What you are asked to do:
Beginning at the line that contains "图2. 本征光稳定有机半导体分子TFP-TT-TPA和光稳定晶体管", reproduce the entries below exactly, ending with the line that contains "Reembolso en hornos Teka NEO". Omit each picture.

(Saved entries)
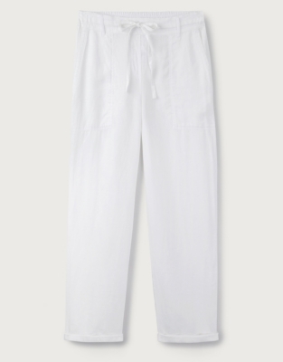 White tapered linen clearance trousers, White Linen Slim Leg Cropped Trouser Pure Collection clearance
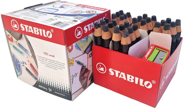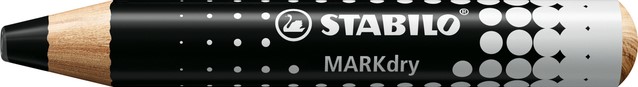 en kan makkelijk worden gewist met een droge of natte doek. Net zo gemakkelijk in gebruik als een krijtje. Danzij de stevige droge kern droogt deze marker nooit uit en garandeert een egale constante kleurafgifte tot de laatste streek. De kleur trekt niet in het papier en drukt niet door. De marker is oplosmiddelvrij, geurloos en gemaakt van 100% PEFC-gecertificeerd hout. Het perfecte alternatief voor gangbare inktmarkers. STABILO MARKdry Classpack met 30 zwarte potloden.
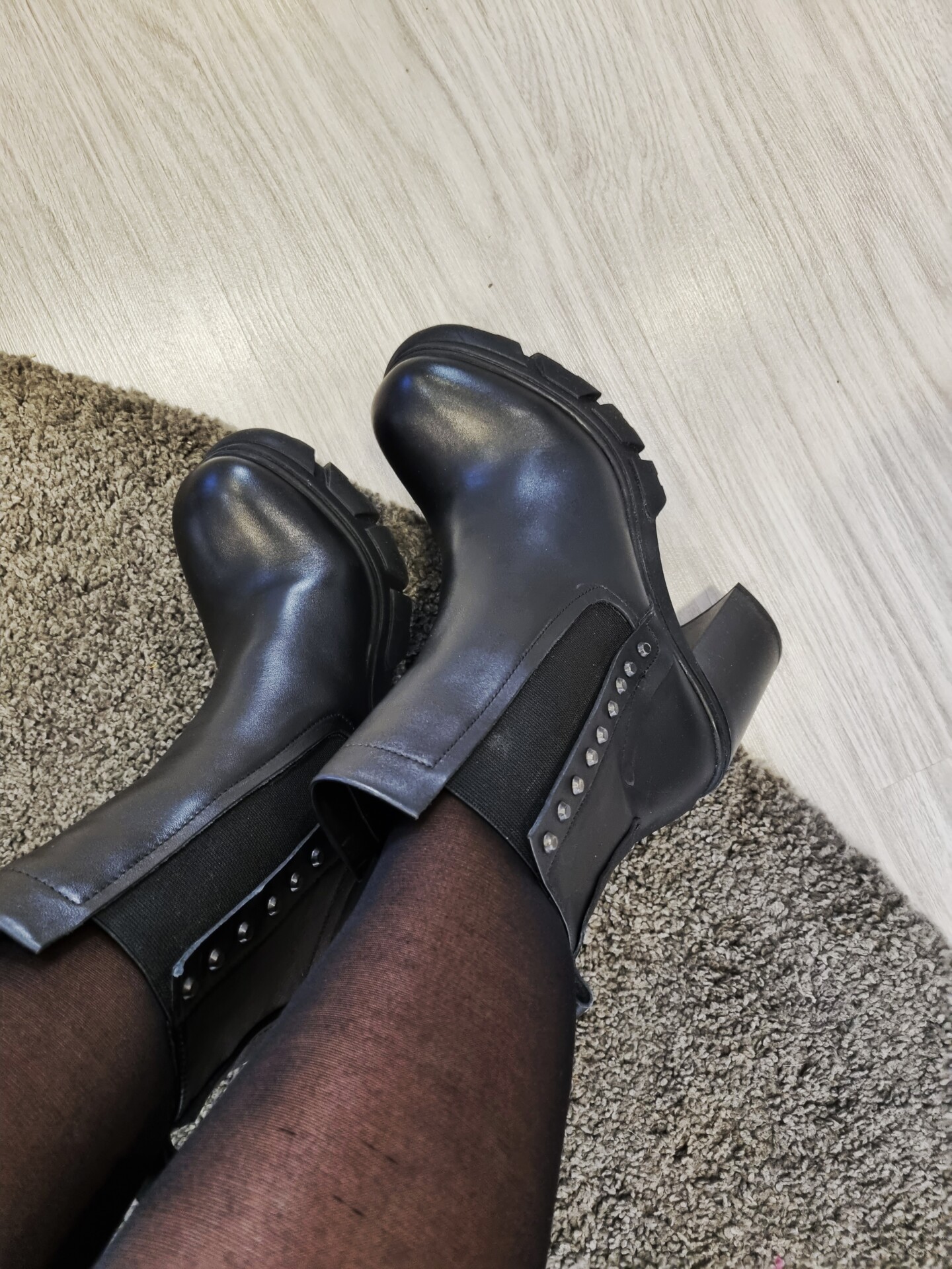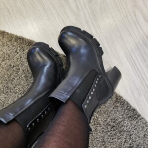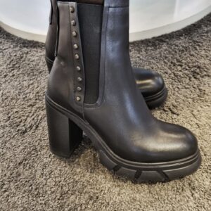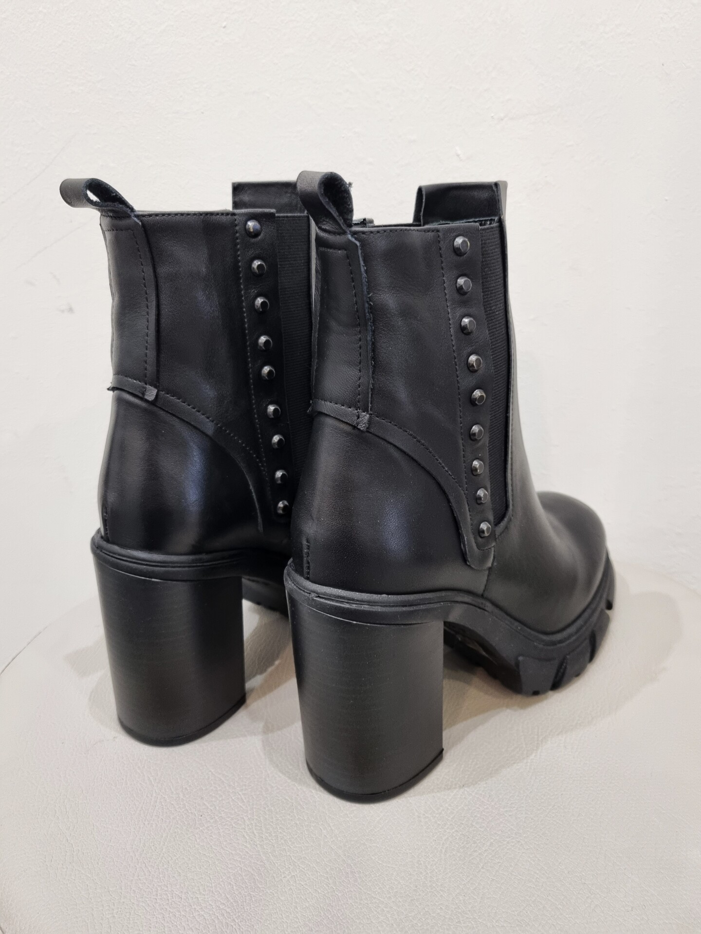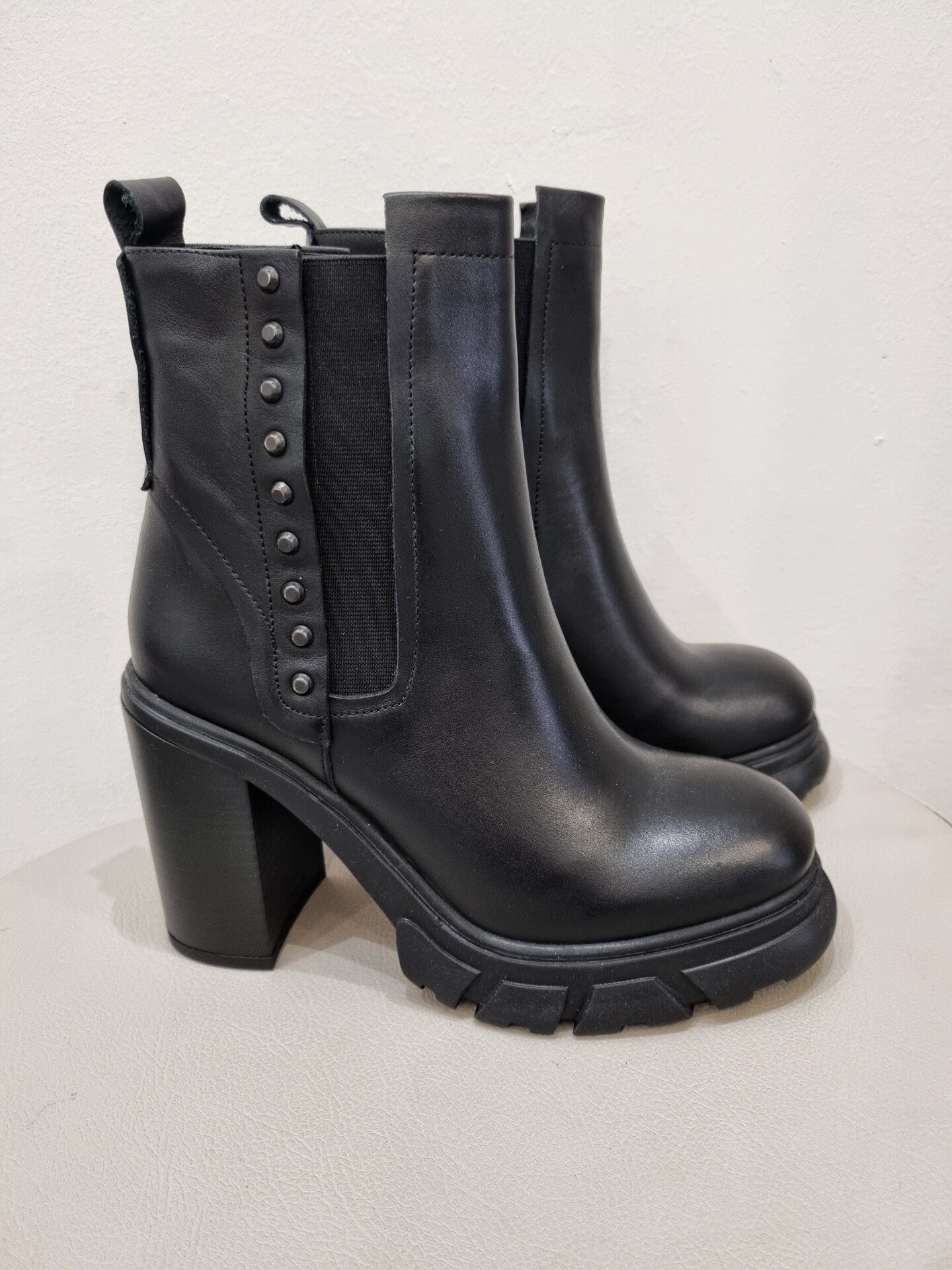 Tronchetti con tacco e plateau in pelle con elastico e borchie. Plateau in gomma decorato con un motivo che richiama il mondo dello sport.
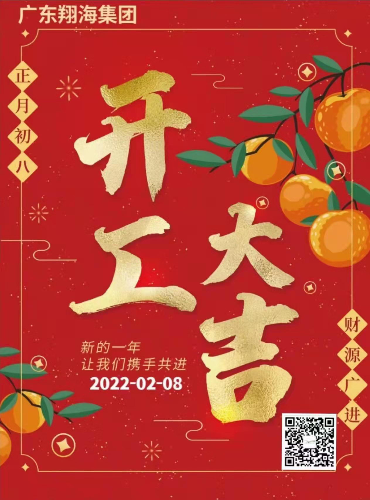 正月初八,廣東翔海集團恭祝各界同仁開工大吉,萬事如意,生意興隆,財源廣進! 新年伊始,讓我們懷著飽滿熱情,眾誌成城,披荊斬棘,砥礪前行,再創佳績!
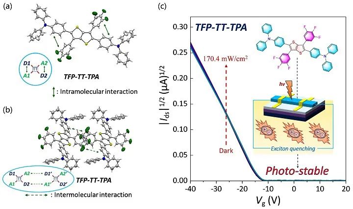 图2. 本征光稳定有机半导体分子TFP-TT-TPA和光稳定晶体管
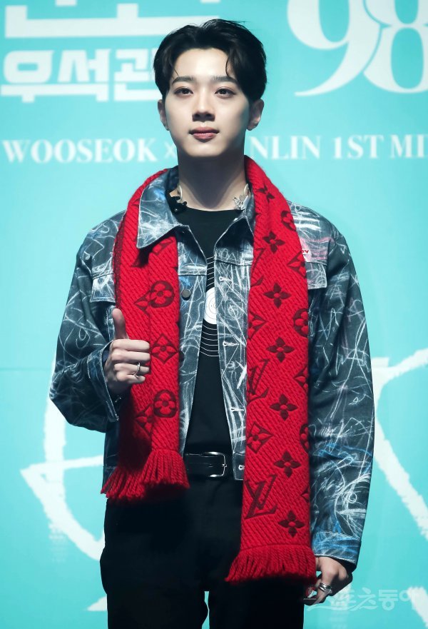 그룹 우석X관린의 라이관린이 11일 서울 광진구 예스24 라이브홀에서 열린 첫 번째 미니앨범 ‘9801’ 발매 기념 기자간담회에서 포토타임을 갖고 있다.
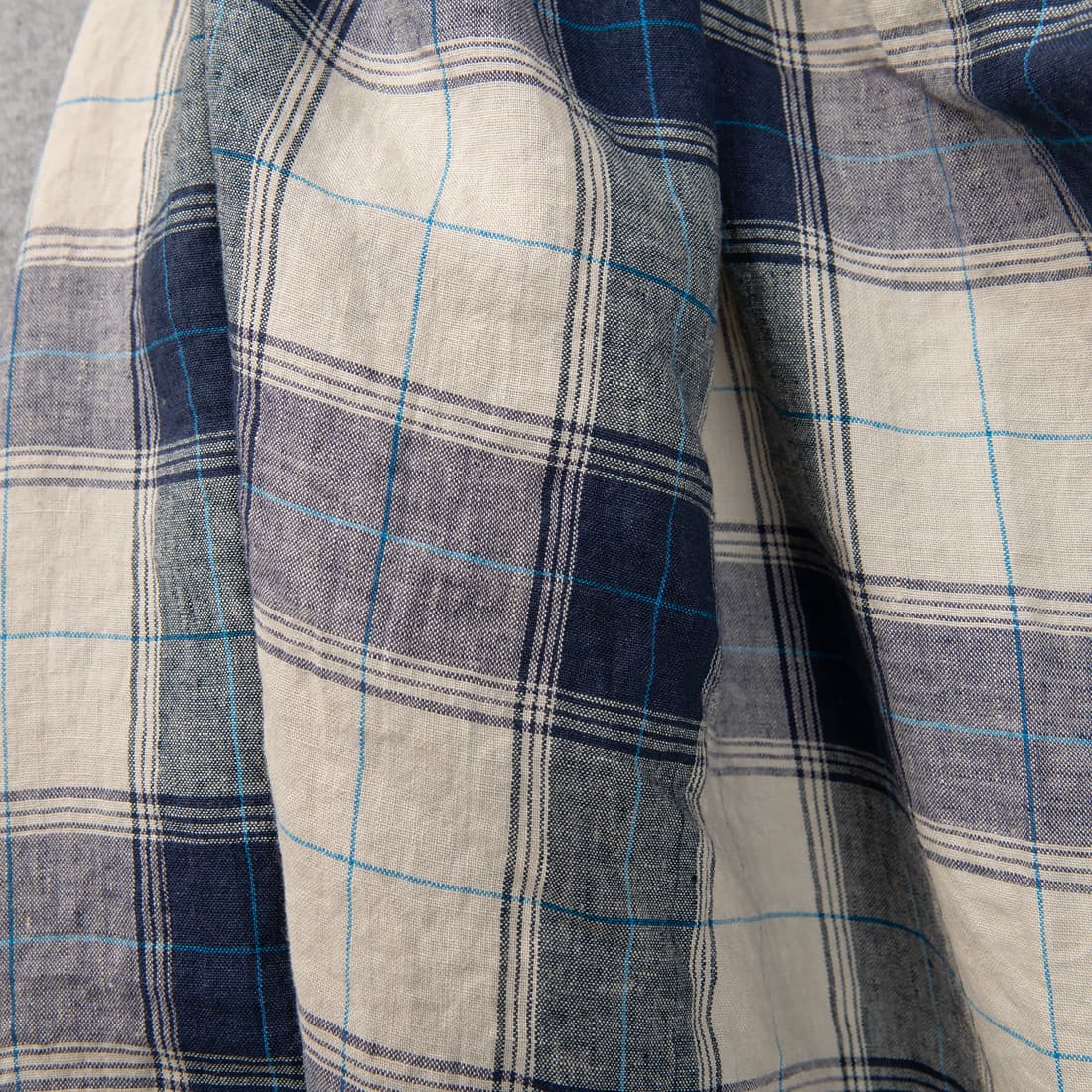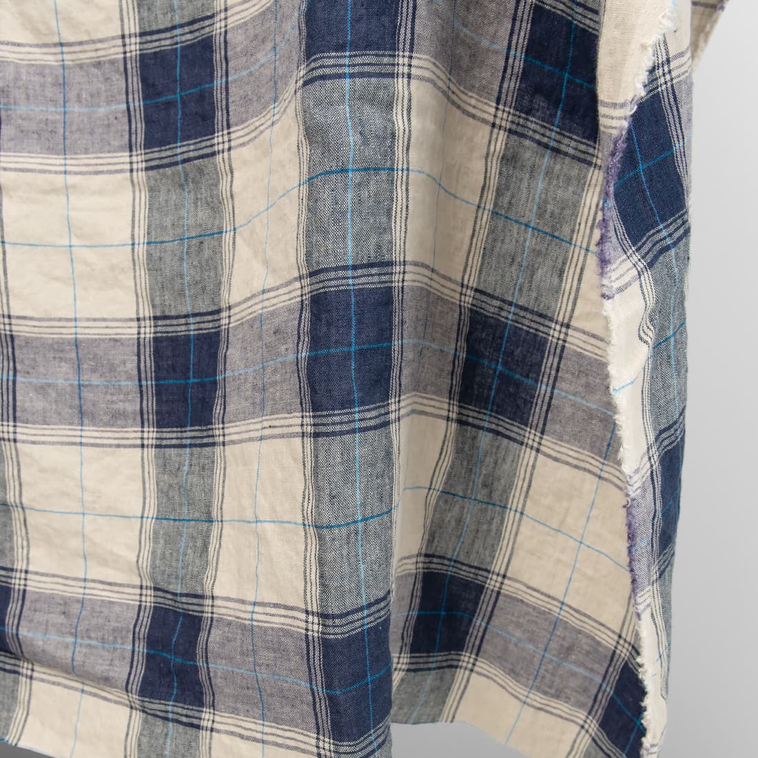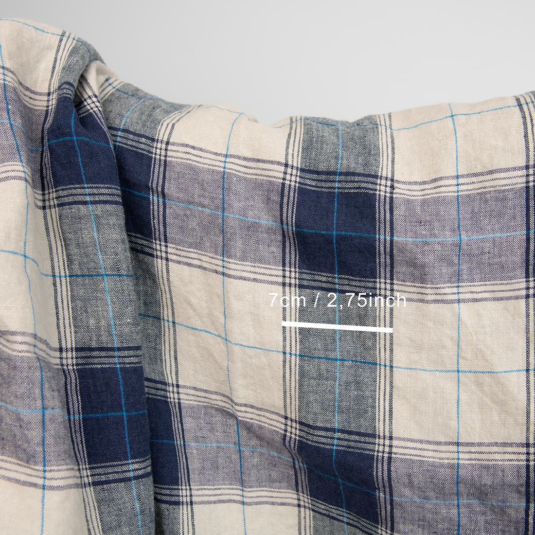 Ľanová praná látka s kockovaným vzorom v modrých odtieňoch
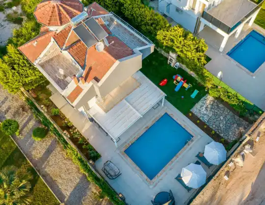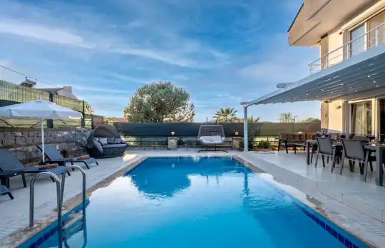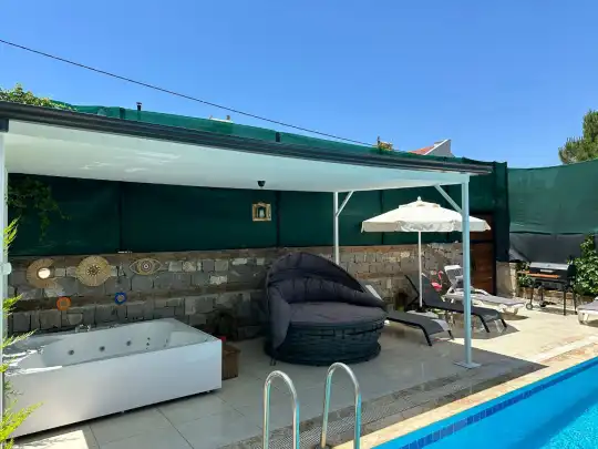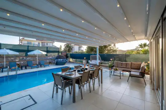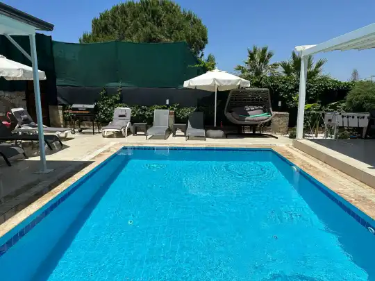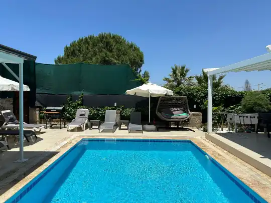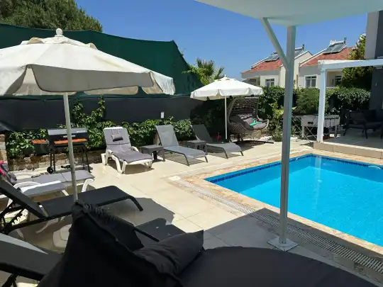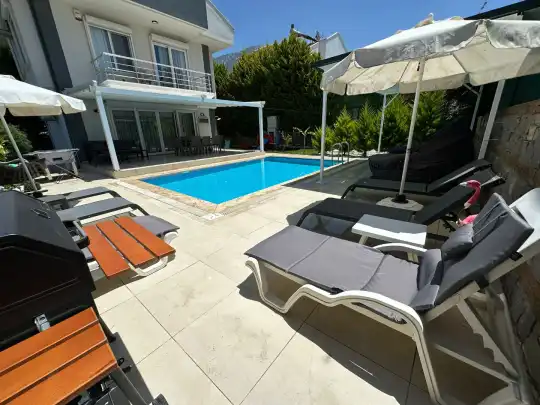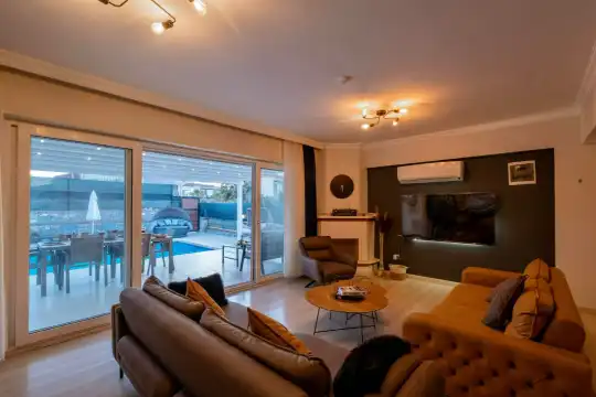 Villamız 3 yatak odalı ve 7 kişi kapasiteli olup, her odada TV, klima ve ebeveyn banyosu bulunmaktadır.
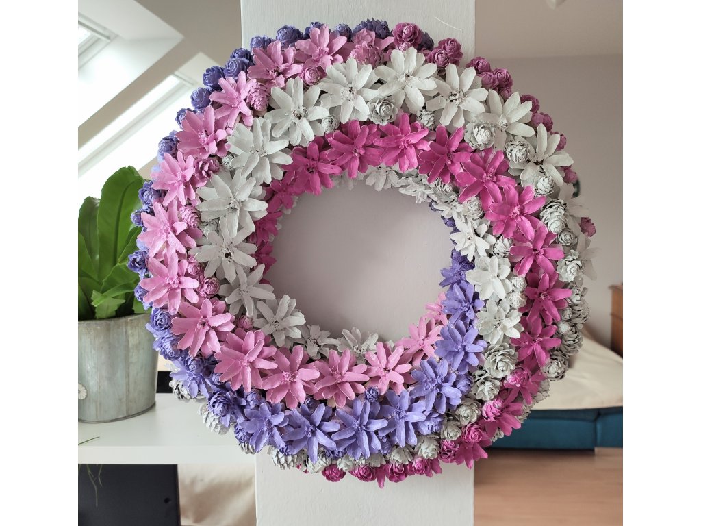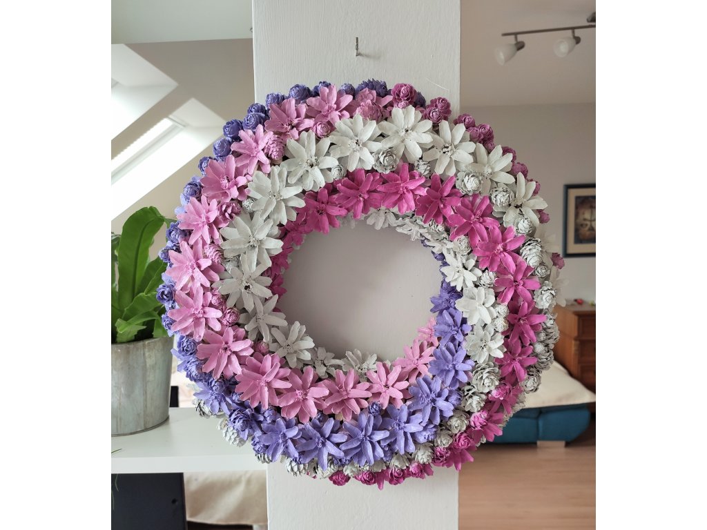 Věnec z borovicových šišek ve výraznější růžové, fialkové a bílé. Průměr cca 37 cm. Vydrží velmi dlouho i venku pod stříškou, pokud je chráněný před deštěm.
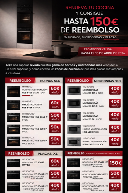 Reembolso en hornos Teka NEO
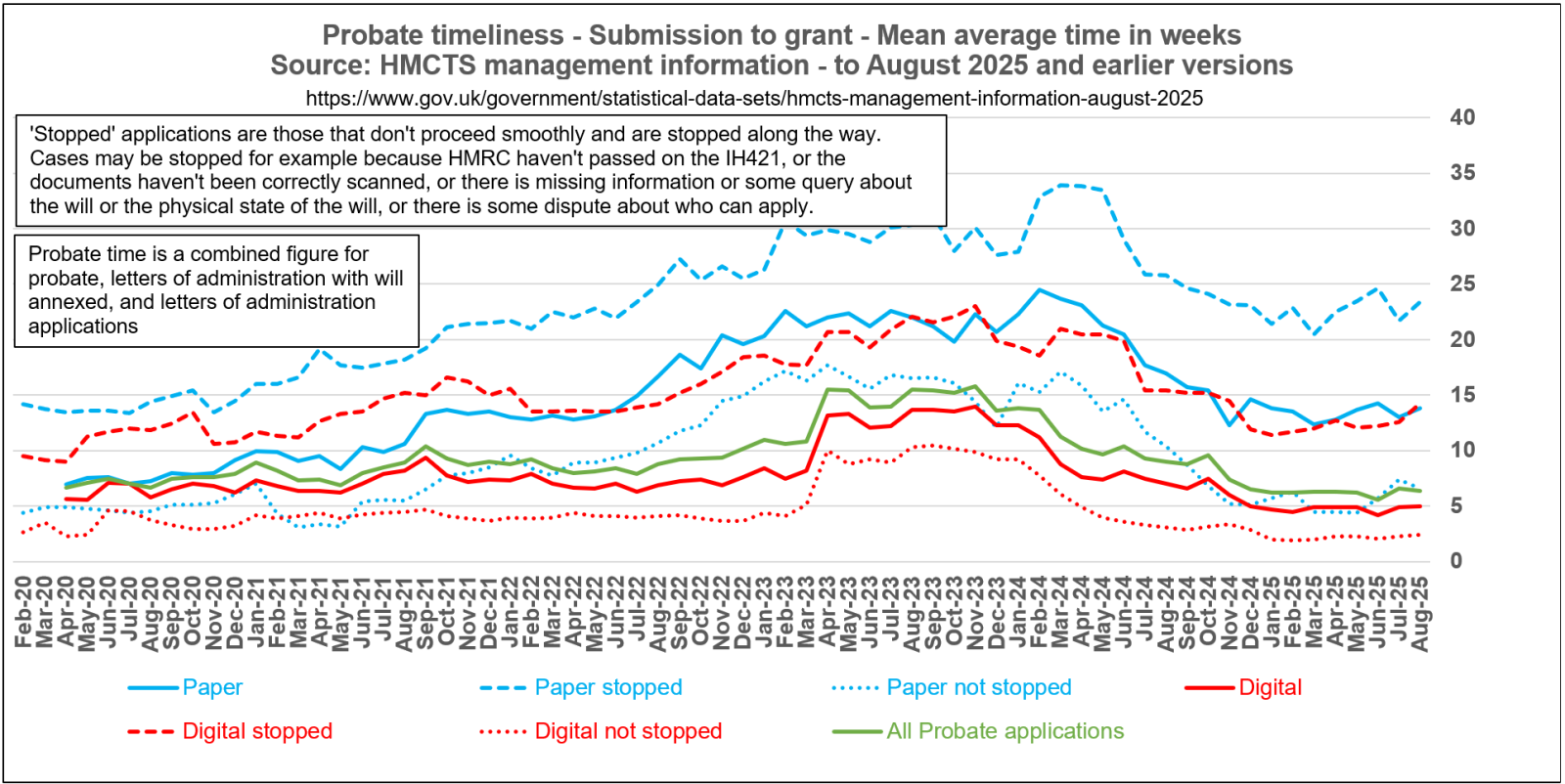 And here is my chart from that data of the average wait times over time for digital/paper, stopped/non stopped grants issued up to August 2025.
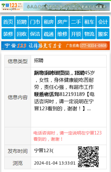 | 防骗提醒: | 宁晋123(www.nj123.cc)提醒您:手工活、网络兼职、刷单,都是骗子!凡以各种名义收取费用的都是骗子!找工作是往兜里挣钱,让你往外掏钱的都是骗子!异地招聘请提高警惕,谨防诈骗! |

Answer:
 图2. 本征光稳定有机半导体分子TFP-TT-TPA和光稳定晶体管
 그룹 우석X관린의 라이관린이 11일 서울 광진구 예스24 라이브홀에서 열린 첫 번째 미니앨범 ‘9801’ 발매 기념 기자간담회에서 포토타임을 갖고 있다.
 Ľanová praná látka s kockovaným vzorom v modrých odtieňoch
 Villamız 3 yatak odalı ve 7 kişi kapasiteli olup, her odada TV, klima ve ebeveyn banyosu bulunmaktadır.
 Věnec z borovicových šišek ve výraznější růžové, fialkové a bílé. Průměr cca 37 cm. Vydrží velmi dlouho i venku pod stříškou, pokud je chráněný před deštěm.
 Reembolso en hornos Teka NEO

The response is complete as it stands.